The 64-year-old contracted fungal meningitis after receiving three tainted steroid shots in her back.

She is one of 284 people nationwide who are victims of an outbreak that began when a Massachusetts compounding pharmacy shipped contaminated medication. Twenty-three people have died.

Like many trying to recover, York, who has been hospitalized since Sept. 27, faces a long and uncertain road. Many people have died days or even weeks after being hospitalized. Fungal meningitis – which is not contagious – is a tenacious disease that can be treated only with powerful drugs.

“I’m determined I’m going to fight this thing,” she said. “The devil is not going to win.”

Dr. William Schaffner, an infectious-disease specialist who leads Vanderbilt University’s Department of Preventive Medicine, said the treatment includes intravenous anti-fungal medicines that are tricky to use.

“These are powerful drugs. They’re toxic,” he said. “You’re walking a tightrope because you want to get enough into a patient to have the therapeutic effect while at the same time you’re trying not to affect, or to minimize the effect on the liver and kidneys.”

Even after leaving the hospital, he said, patients will continue antifungal drugs for weeks or months.

The infectious disease doctor handling York’s case did not immediately respond to a phone message.

When York talks about the past six weeks, tears run down her cheeks. She knows the disease is deadly. And if she needed a reminder, it’s right there in the headline from a local newspaper on her hospital bed: “Third death reported in Marion County from fungal meningitis.”

Health officials have noticed that the sickest patients with meningitis are those who either did not catch the symptoms early or who didn’t receive appropriate treatment early because doctors didn’t know what they were dealing with. The fungi become harder to kill once they have established themselves in a person’s body.

“If treatment is given early, it is very effective,” said Dr. David Reagan, medical officer for Tennessee, where the outbreak was first detected. “If it is given late, it is not very effective.”

Most of the positively identified cases are caused by Exserohilum rostratum. The fungus is commonly found in the environment, but it has never before been observed as a cause of meningitis.

Because of that, Reagan said, officials have been unable to firmly establish the incubation period and give those who received the tainted injections a date for when they will no longer need to worry about developing meningitis.

“We’re saying at least six weeks, or 42 days, but we probably will extend that,” he said. “This is new territory. There’s no literature to tell us how long.”

In York’s case, doctors initially thought she had bacterial meningitis, but when she told them about the steroid shots, doctors began to assemble a theory.

On Sept. 25, the New England Com­pounding Center had voluntarily recalled three lots of the steroid methylprednisolone acetate.

York’s three shots were that steroid – and the Marion Pain Clinic had gotten some of the tainted medicine, health officials said.

York said a doctor from Marion Pain Clinic visited her in the hospital and told her about the contaminated shots. The doctor was crying as she spoke, York added.

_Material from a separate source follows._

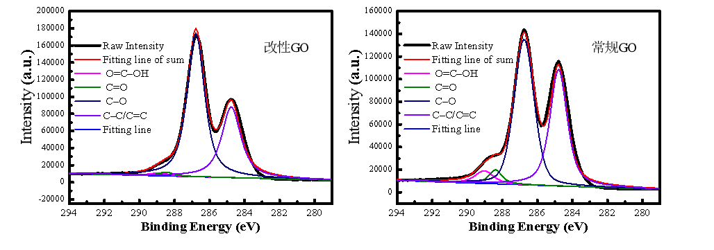 圖5. 不同碳氧比的氧化石墨烯材料XPS C1s譜圖

York passes her days by talking on the phone to two children and three grandchildren who live out of state, receiving visitors from her church and reading the Bible.

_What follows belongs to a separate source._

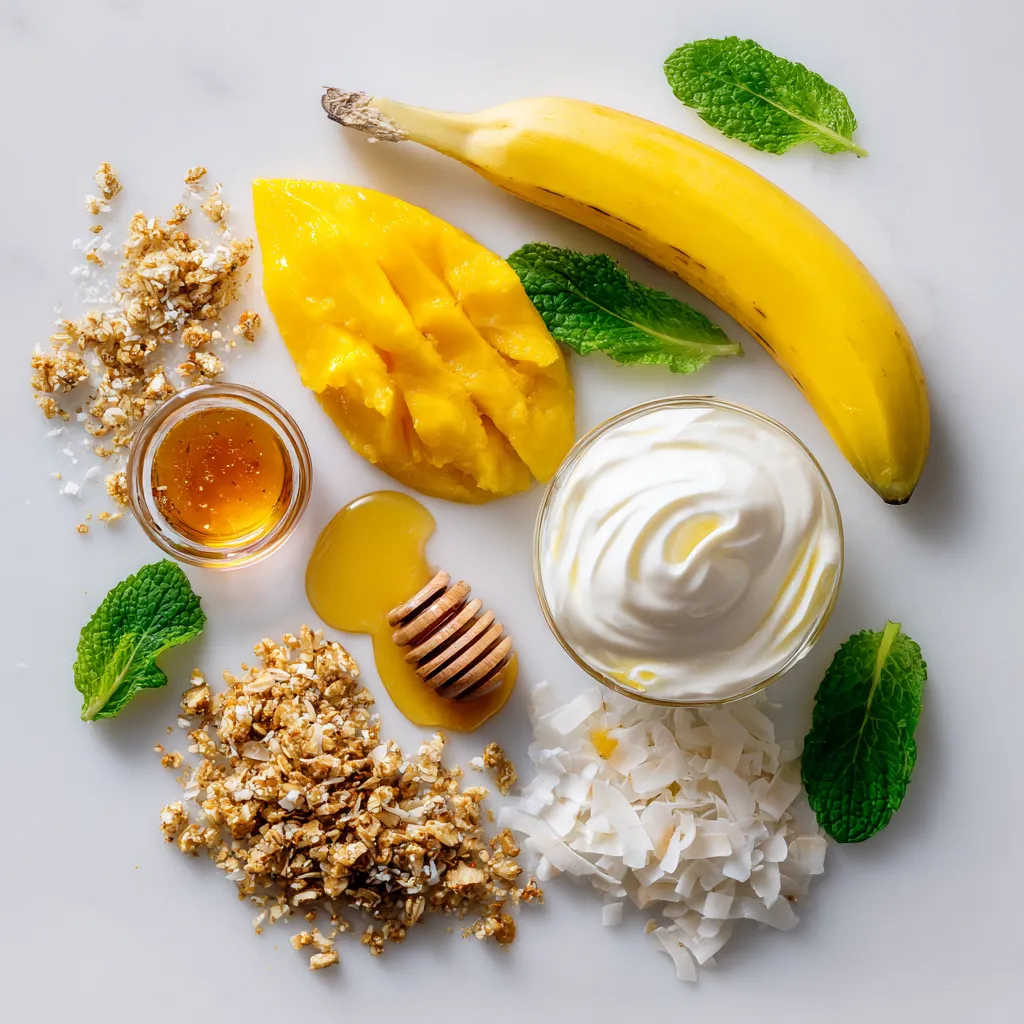 To make the coconut mango smoothie bowl, gather these simple ingredients:

She’s lost more than 10 pounds in the past month. She realizes she’s not the woman she once was; now she’s pale and weak whereas before, she liked to put on a little makeup, fix up her short brown hair and go for a walk. The only time she has walked since Sept. 27 was to shuffle to the shower on Oct. 17.

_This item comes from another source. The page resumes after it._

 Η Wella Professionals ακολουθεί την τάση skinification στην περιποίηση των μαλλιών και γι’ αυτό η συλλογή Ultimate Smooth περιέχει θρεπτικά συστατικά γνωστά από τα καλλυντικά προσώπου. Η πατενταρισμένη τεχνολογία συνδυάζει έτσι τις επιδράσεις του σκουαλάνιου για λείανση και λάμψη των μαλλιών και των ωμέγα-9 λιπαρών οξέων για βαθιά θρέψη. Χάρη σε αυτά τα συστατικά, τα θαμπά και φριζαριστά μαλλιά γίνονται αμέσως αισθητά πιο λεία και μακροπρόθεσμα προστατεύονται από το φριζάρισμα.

“I got to shampoo my hair and the whole nine yards,” she smiled. “I enjoyed it tremendously.”

York is worried about whether the meningitis will have lasting effects on her body, and she’s concerned about the powerful anti-fungal medication she’s taking. Doctors have had to pause the treatment because they were concerned about her liver and kidney.

York has filed a lawsuit against NECC claiming negligence, and her lawyer is getting calls from others who were sickened.

She says she’s “blessed, not lucky,” to be alive at this point.

“I want to get out of here,” she said. “I want to go home, I want to live a normal life again. God still has a plan for me, and I’m looking forward to it.”